Aujourd’hui, le quotidien n’est pas avare de fournir des signes de cette torsion nouvelle qui tendrait à faire de la souffrance une maladie, un défaut, au lieu de ce qui appartenait à la condition humaine.
Bien qu’exposée partout dans le monde du travail par exemple ou qu’on y soit exposé intimement, il semble qu’on ne sache plus quoi en faire, qu’elle n’ait aucun sens que de peser inutilement sur la marche des affaires ou de nous menacer de sortir de la normalité.
Il y a là quelque chose de neuf.
(Ecrivant à plusieurs reprises le mot « souffrance » ici même, il me frappe justement comme rebutant, impropre à susciter l’intérêt. Oui, même à l’intérieur, il semble que l’interdit pèse…)

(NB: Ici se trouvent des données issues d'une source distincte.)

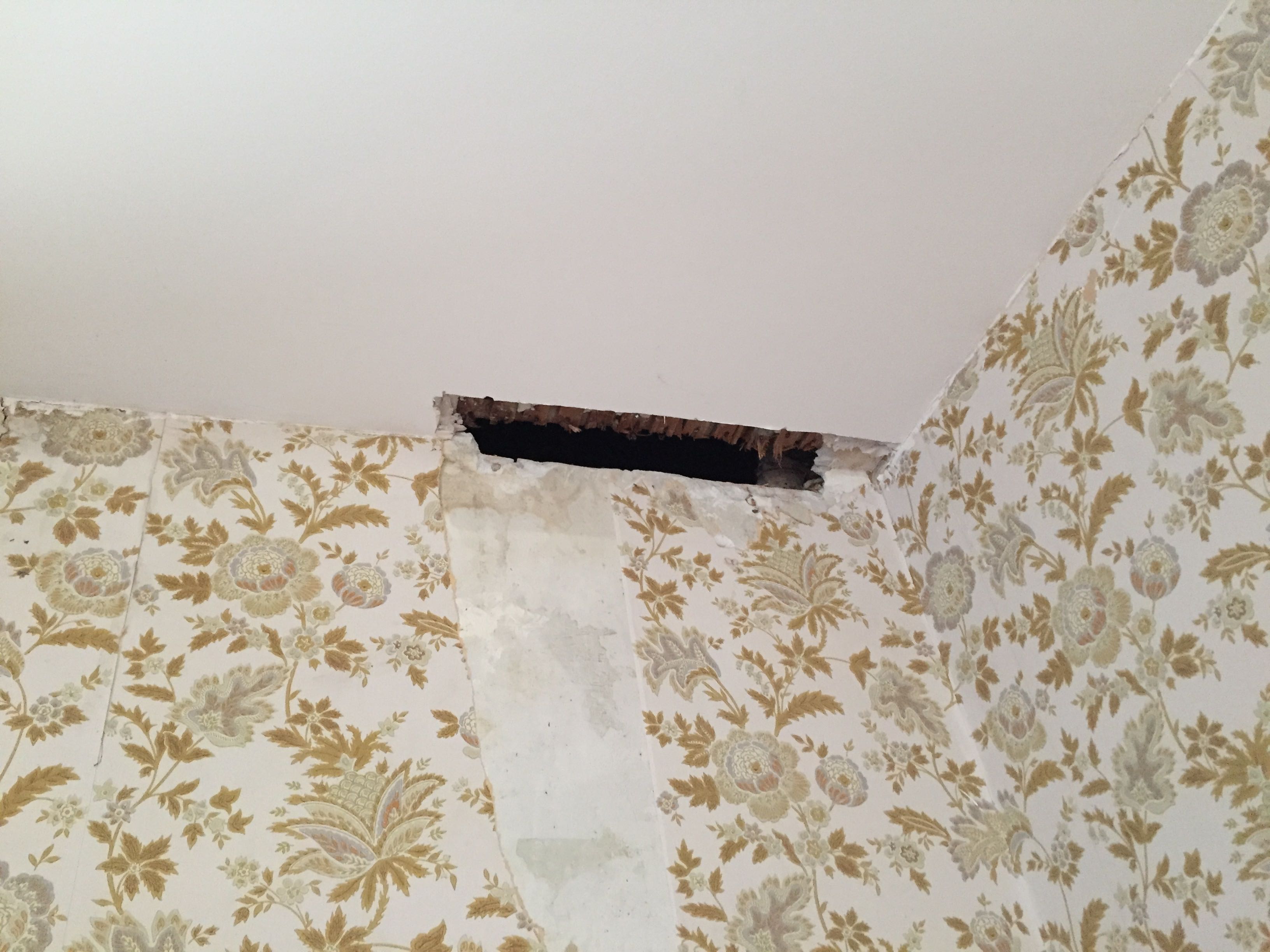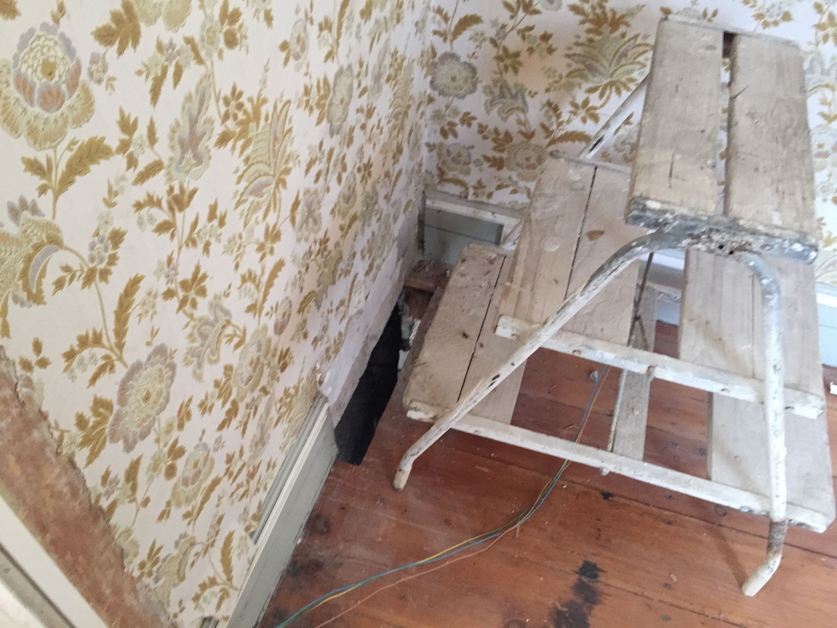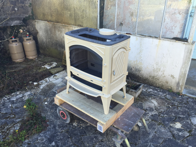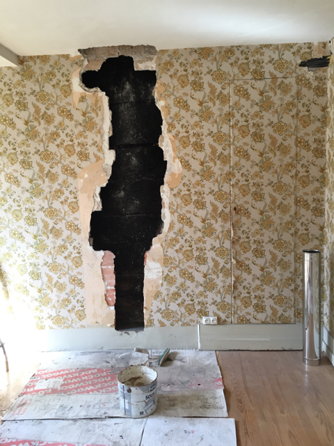 Kaminmannen jobbade på. Huggit upp hela väggen i matrummet nu. Han stöter på många problem som han svär lite över. Tror nästan han ångrat att han åtagit sig jobbet…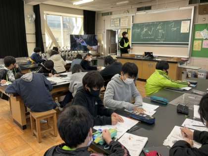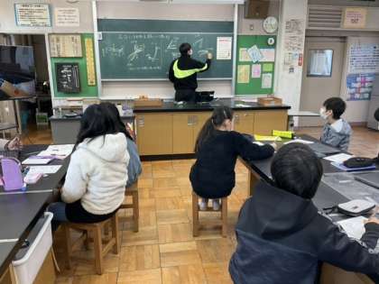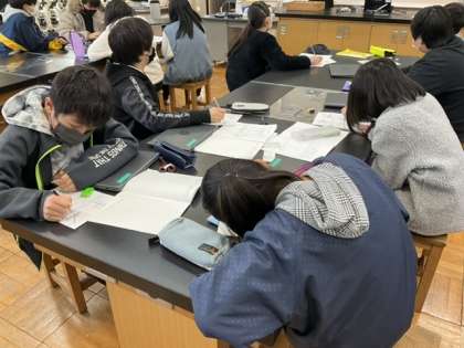 1校時、理科室にいます。

« On ne peut être vivant et normal à la fois » Cioran

J’ai voulu regarder ce que c’était.
Me laisser dépasser par les conditions très simples d’un dialogue.
Cerner obscurément les enjeux qui se déplacent si l’on déplace le regard sur la souffrance, sur sa fonction.
Inviter alors dans le dialogue les nouveaux dispositifs dans lesquels la parole se déploie aujourd’hui.
Sous surveillance par exemple, ou encore entendue dans un répertoire de codifications des comportements humains.

Un dialogue.
Une diagonale.
3 personnages

Au départ

Un homme qui dit ne pas souffrir en face d’une femme qui l’interroge.
On ne sait pas si c’est une garde-à-vue ou un hôpital ou encore autre chose.
On ne sait pas si l’homme a FAIT quelque chose de très grave ou SUBI quelque chose de très grave. En tout cas il dit ne pas souffrir et c’est ce qui trouble et perd l’interrogatrice.
On ne sait pas si l’interrogatrice veut savoir ce qu’il a fait ou subit ou bien percer le mystère de ce corps qui dit ne rien sentir ou encore si elle veut qu’il souffre, absolument.

L’homme fait peur.

Puis

C’est au tour de l’interrogatrice d’être interrogée.
Elle est interrogée par une instance supérieure qui lui demande des comptes sur l’avancée de son interrogatoire.
Le temps semble compté.
Cela fait peur.

L’homme, l’interrogatrice, l’instance supérieure.
4 jours. Pour sortir de là.

Pour entendre peut-être ce glissement, pour chercher à l’entendre.
Pour voir la violence changer de camp au fil du dialogue, passant de l’un à l’autre, qui est violent ?
Qu’est-ce qui est violent ? la souffrance, l’absence de souffrance, le silence sur la souffrance ?

Un spectacle à suspens, empruntant à la série télé autant qu’à Beckett.

Le dispositif de mise en scène sera très simple. Un carré.
Un ring, ou une sorte de ring traversé d’une diagonale imaginaire ou suggérée.
Des lignes, géométrie de l’espace du dialogue.
A chaque bout de la diagonale une chaise.
Le principe étant que les protagonistes se retrouvent d’un côté et de l’autre de la diagonale.
Interrogé ou interrogateur.
On jouera avec « le point de vue » des spectateurs.
L’un de dos interrogé, l’autre de face interrogeant.
Un visage et un dos. Un corps sans visage et un visage plongé dans l’énigme de l’autre.
On jouera des inversions, des changements de positions proprement dites du dialogue.
Comme on ferait tourner un objet sous ses yeux.

Peu d’images, que celles, intérieures, qui viendront cerner le spectateur percevant ce qui dépasse des répliques et les déborde.

Des noirs très brefs qui viendront couper et relancer le dialogue. Des solitudes épinglées. Des échappées de bouffonneries.
Une impression de noir et blanc.

Habitant les noirs, un bruit continu de milliers de frappes de claviers d’ordinateurs. Comme une musique.

La vie, au milieu. La vie.

« A demain » est le prolongement d’une commande d’écriture de 30 minutes, créée aux Subsistances en 2007.
L’envie de poursuivre, de donner une suite à ce texte est là depuis longtemps.